[Items from a dataset]
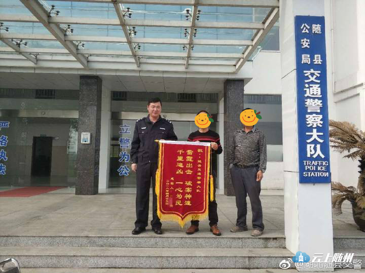 5月7日一大早,随县唐县镇居民肖某家属将一面印有“雷霆出击破案神速 千里追凶一心为民”的锦旗送至随县公安局交警大队事故中队,对大队民警坚持不懈,千里奔袭侦破交通肇事逃逸案,为他们在事故中逝去的亲人讨回公道表示感谢。面对群众的肯定,专案民警感到由衷的欣慰。
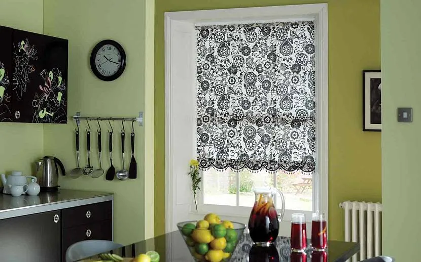 Черные шторы на кухне тоже актуальны. Выбирайте короткие модели: римские, рулонные либо жалюзи.
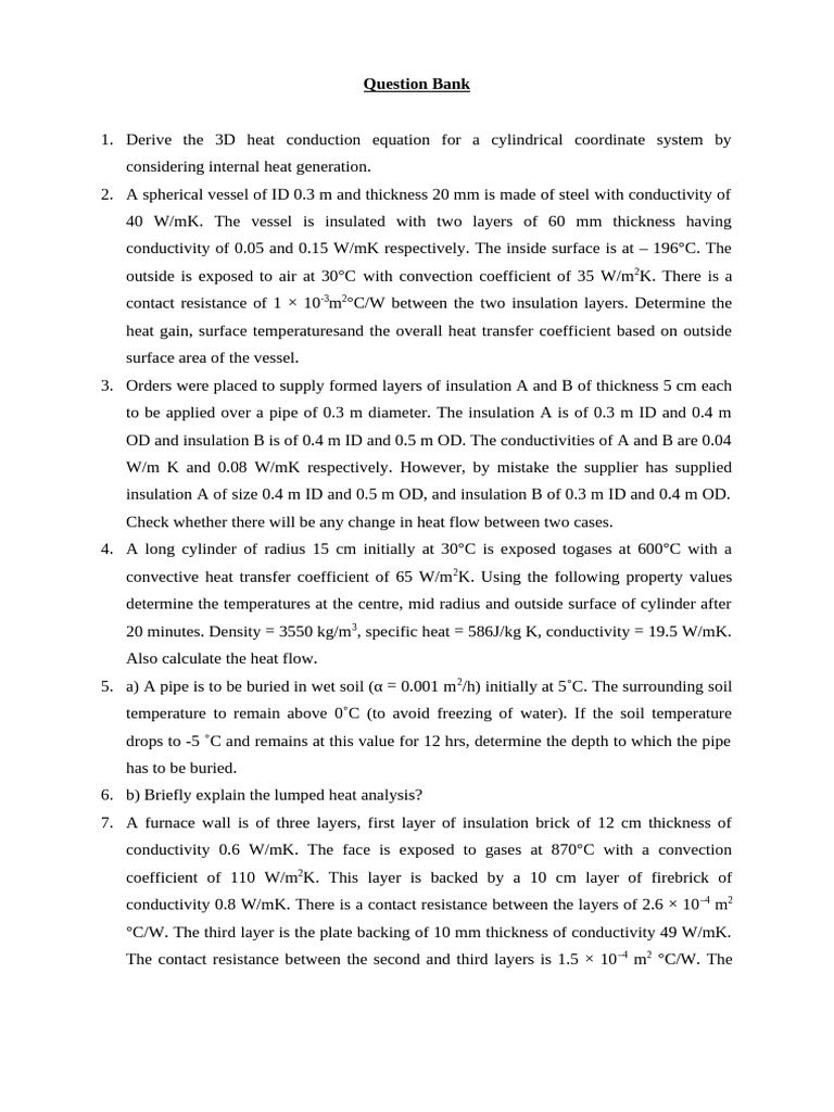 2. A spherical vessel of ID 0.3 m and thickness 20 mm is made of steel with conductivity of
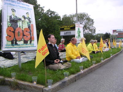 瑞典学员在哥德堡中国领事馆前举行烛光守夜悼念在中国遭受酷刑致死的同修
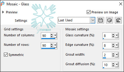 layers não marcado. Effects > Texture Effects > Mosaic Glass:

### Work instruction
From the line containing "Черные шторы на" down to the final line of the records above, restate every line word for word, add nothing, and skip the pictures.

### Task solution
 Черные шторы на кухне тоже актуальны. Выбирайте короткие модели: римские, рулонные либо жалюзи.
 2. A spherical vessel of ID 0.3 m and thickness 20 mm is made of steel with conductivity of
 瑞典学员在哥德堡中国领事馆前举行烛光守夜悼念在中国遭受酷刑致死的同修
 layers não marcado. Effects > Texture Effects > Mosaic Glass:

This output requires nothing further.